• [THE DATA]:
________________

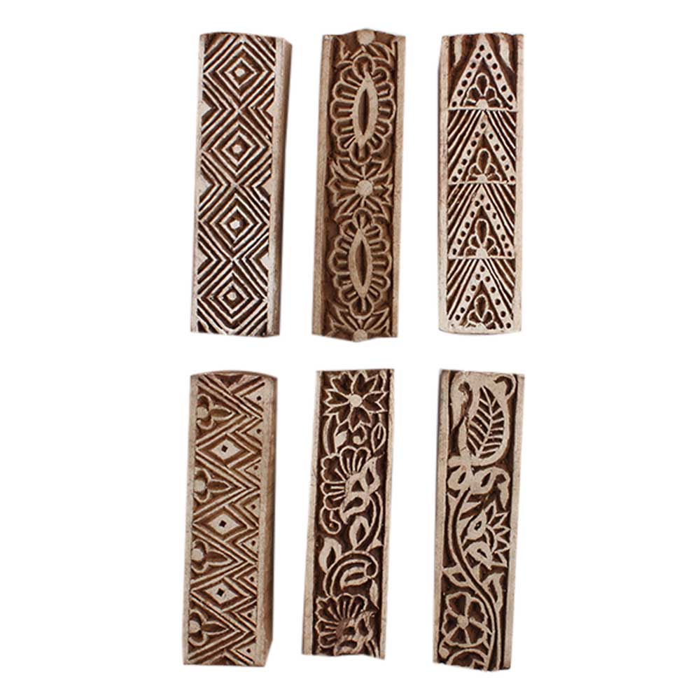 Set of 6 Piece New Mix Wooden Printing Block. Ideal for Using on Fabric, Paper, Canvas, etc. These Blocks can be use to Print with Oil Colors, Fabric Colors, Water Colors, Acrylic Colors and Vegetable Colors.
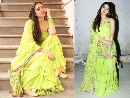 लाइम ग्रीन कलरचा शरारा आणि कुर्ती सेट सुकृती आणि आकृती यांनी डिझाइन केला होता. जो लग्नातील मेहंदीच्या फंक्शनसाठी बेस्ट लूक आहे. शरारासोबत साराने परिधान केलेल्या कुर्त्यावर सुंदर फ्लोरल एम्ब्रॉयडरी केली आहे. त्याचबरोबर मॅचिग कलरचा दुपट्टा वेअर केला असून त्यावर गोल्डन डॉट्स आहेत. सारा या लूकमध्ये फार क्युट दिसत आहे.
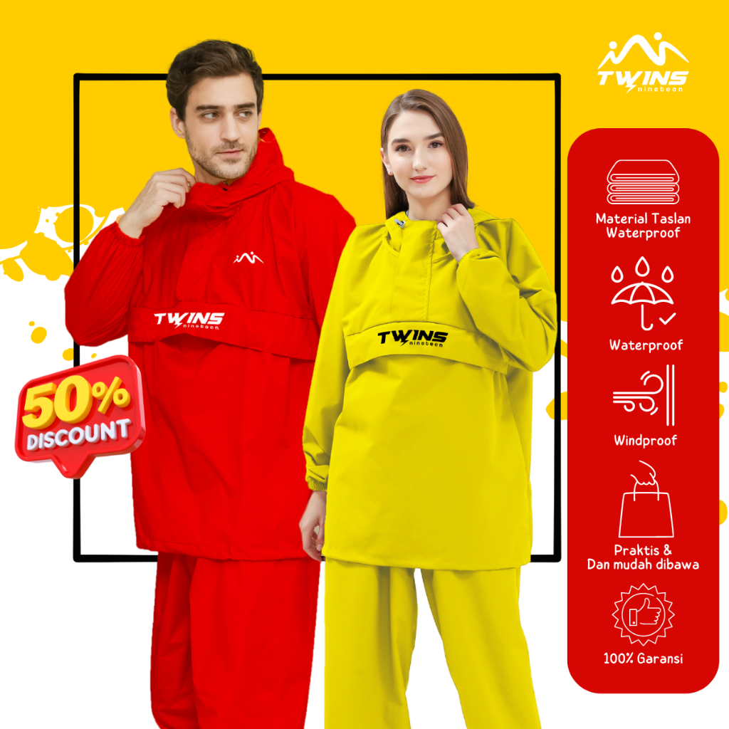 JAS HUJAN KANGGURU / JAS HUJAN TWINS19 SAKU KANGGURU PRIA WANITA DEWASA ANTI AIR BAHAN TASLAN IMPORT RAINCOAT MURAH

________________

• [WHAT TO DO]: Transcribe all of the material exactly, leaving out whatever pictures it contains.

• [OUTPUT]:
 Set of 6 Piece New Mix Wooden Printing Block. Ideal for Using on Fabric, Paper, Canvas, etc. These Blocks can be use to Print with Oil Colors, Fabric Colors, Water Colors, Acrylic Colors and Vegetable Colors.
 लाइम ग्रीन कलरचा शरारा आणि कुर्ती सेट सुकृती आणि आकृती यांनी डिझाइन केला होता. जो लग्नातील मेहंदीच्या फंक्शनसाठी बेस्ट लूक आहे. शरारासोबत साराने परिधान केलेल्या कुर्त्यावर सुंदर फ्लोरल एम्ब्रॉयडरी केली आहे. त्याचबरोबर मॅचिग कलरचा दुपट्टा वेअर केला असून त्यावर गोल्डन डॉट्स आहेत. सारा या लूकमध्ये फार क्युट दिसत आहे.
 JAS HUJAN KANGGURU / JAS HUJAN TWINS19 SAKU KANGGURU PRIA WANITA DEWASA ANTI AIR BAHAN TASLAN IMPORT RAINCOAT MURAH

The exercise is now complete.